Lentement mais sûrement, Mustapha a transformé son allocation de 450 dollars en une entreprise qu’il dirige aujourd’hui. Tout en continuant à travailler le soir comme cuisinier dans un restaurant, il a commencé par s’acheter un triporteur motorisé (un sattotta) pour livrer des fruits et des légumes. Il l’a ensuite revendu pour ouvrir son propre étal sur le marché où il avait travaillé enfant, pour vendre des kebab. Aujourd’hui, il gagne chaque mois pratiquement deux fois plus que sa dotation de départ, ce qui lui assure un revenu décent pour les normes locales et supérieur à ce que touchent de nombreux fonctionnaires.



« À lui seul, l’Iraq compte quelque 19 millions de jeunes âgés de 15 à 24 ans, que ces dix années de conflit et de dissensions confessionnelles ont touché de manière disproportionnée. »


Financé par le Fonds de japonais pour le développement social, le projet — d’une durée de trois ans (2012-2015) — a touché 3 567 jeunes dont une moitié de femmes (52 %). Les participants étaient, soit des jeunes qui avaient dû abandonner l’école, soit des jeunes condamnés à travailler dans le secteur informel.

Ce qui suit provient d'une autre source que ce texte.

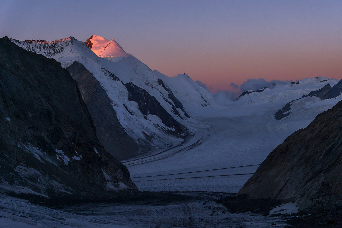 Siamo solo all'inizio di Settembre e su social, webcam e telegiornali mi dispero guardando le immagini delle abbondanti nevicate di questi giorni. Se già nevica ora presto sarò costretto ad abbandonare l'alta quota per svariati mesi, e ridurmi a girovagare per quelle prealpi che - nonostante l'affezione - non soddisfano la mia ricerca preferita: quella alla remotezza più assoluta. Con una mossa disperata decido di aggrapparmi alle ultime giornate d'estate e, fingendo di ignorare la preoccupante situazione, mi organizzo per un giro solitario in tenda di un paio di giorni. Sto fissando lo zaino carico di materiale, chiedendomi se davvero riuscirò a percorrere quei duemilaseicento metri di dislivello così carico, quando mi arriva il solito messaggio a stravolgere i piani. Mi viene proposto a sorpresa un giro nell'Oberland, e in particolare a uno dei suoi quattromila, partendo il giorno successivo. Guardo di nuovo lo zaino che, così esplosivamente pieno, sembra volermi garantire qualsiasi tipo di rogne possibili. Scordo all'istante tutti i problemi legati alle nevicate recenti, rispondo positivamente al messaggio e butto all'aria tutti i preparativi. D'altronde è l'Oberland! E' quella regione delle Alpi Svizzere che da un paio d'anni è nel mio mirino, probabilmente perché, a giudicare dalle foto e dalle descrizioni, è unico nel suo genere e assomiglia più a uno scenario Himalayano che ad uno Alpino. Non vedo l'ora di fotografare questa splendida regione! I ghiacciai più estesi delle Alpi sono tutti qui, insieme ad un gran numero di quattromila e altri giganti selvaggi.
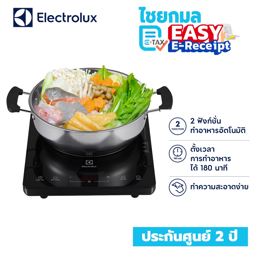 [เตาไฟฟ้า พร้อมหม้อ] Electrolux เตาแม่เหล็กไฟฟ้า กำลังไฟ 2,000 วัตต์ รุ่น ETD29PKR / รับประกัน 2 ปี หม้อชาบู
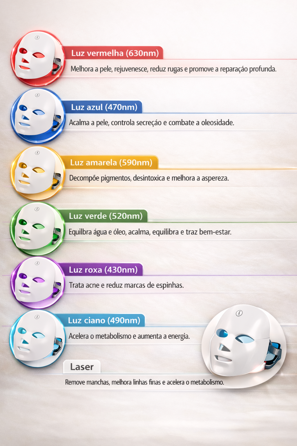 Cada cor da luz LED atua de forma específica para cuidar da sua pele:
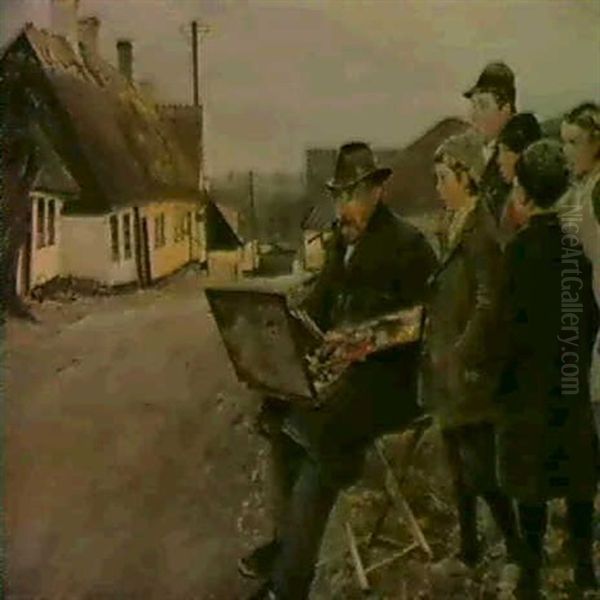 En Maler I Landbyen. Han Sidder Til Hojre Pa Gaden Med Blod Hat Og Briller, Aben Malerkasse Pa Skodet Og En Farverig...
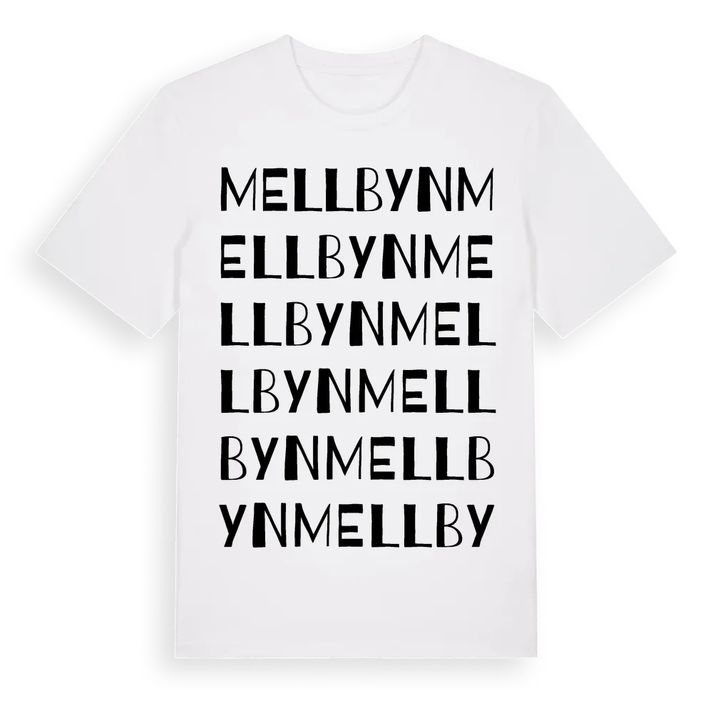 Mellbyn ordlek t-shirt är inspirerad av Mellbyn i Västra Götalands län, Sverige. Tröjan är designad för dig som har en speciell koppling till platsen – oavsett om du bor här, har rötterna här eller bara älskar Mellbyn.

Au bout de 12 mois, une grande majorité d’entre eux (82 %) gèrent toujours les entreprises qu’ils ont créées grâce au projet.

« Nous sommes intervenus en partenariat avec Save the Children, qui disposait de ressources opérationnelles sur le terrain », indique Ferid Belhaj, directeur des opérations pour le Mashrek à la Banque mondiale. « Globalement, ce projet prouve que l’on peut obtenir des résultats même dans les environnements les plus difficiles. »

Mais il faudrait multiplier les projets de ce type ou en élargir la portée. « À l’échelle planétaire, 1,5 milliard d’êtres humains vivent dans une région en conflit dont environ la moitié sont des jeunes », poursuit Ferid Belhaj. « À lui seul, l’Iraq compte quelque 19 millions de jeunes âgés de 15 à 24 ans, que ces dix années de conflit et de dissensions confessionnelles ont touché de manière disproportionnée. » À 30 %, le chômage des jeunes Iraquiens est élevé. Mais les statistiques pour les 15-29 ans qui ne sont ni à l’école, ni au travail, ni en formation sont encore plus impressionnantes : 72 % de femmes environ et 18 % d’hommes dont la plupart attendent, comme Mustafa et Rania, de pouvoir saisir leur chance.

Les institutions de développement ont un rôle à jouer pour leur offrir des débouchés. Une extension du projet est envisagée pour toucher près de 300 000 jeunes dans d’autres régions de l’Iraq et là où coexistent des communautés chiites, sunnites et kurdes. Il pourrait inclure d’autres volets, à l’instar d’un engagement avec les autorités locales.

Au cœur de cette volonté d’élargir le projet, une évolution des perceptions : « Nous devons changer notre manière d’appréhender la jeunesse », estime Gloria La Cava, spécialiste en sciences sociales et chef d’équipe du projet à la Banque mondiale. « Nous avons tendance à ne voir dans les jeunes que des auteurs ou des victimes de violence, sans voir le rôle qu’ils pourraient jouer pour le développement et la stabilité », poursuit-elle. Pour cela, il faut les considérer comme un moyen pour parvenir à cette fin et investir en conséquence.

L’exemple de Rania et de Mustafa est un antidote au désespoir. Ils sont la preuve vivante que la résilience et la créativité n’ont pas disparu. Leur parcours témoigne de l’engagement et du dynamisme dont les jeunes peuvent faire preuve. Si l’on ne veut pas condamner les jeunes Iraquiens à une marginalisation économique et, éventuellement, à la radicalisation, il faut redonner de l’espoir à un maximum d’entre eux. Le projet déployé dans le sud de l’Iraq est le seul du pays à concerner la jeunesse. Le moment est venu de multiplier ces approches, en Iraq et partout où la stabilité est menacée.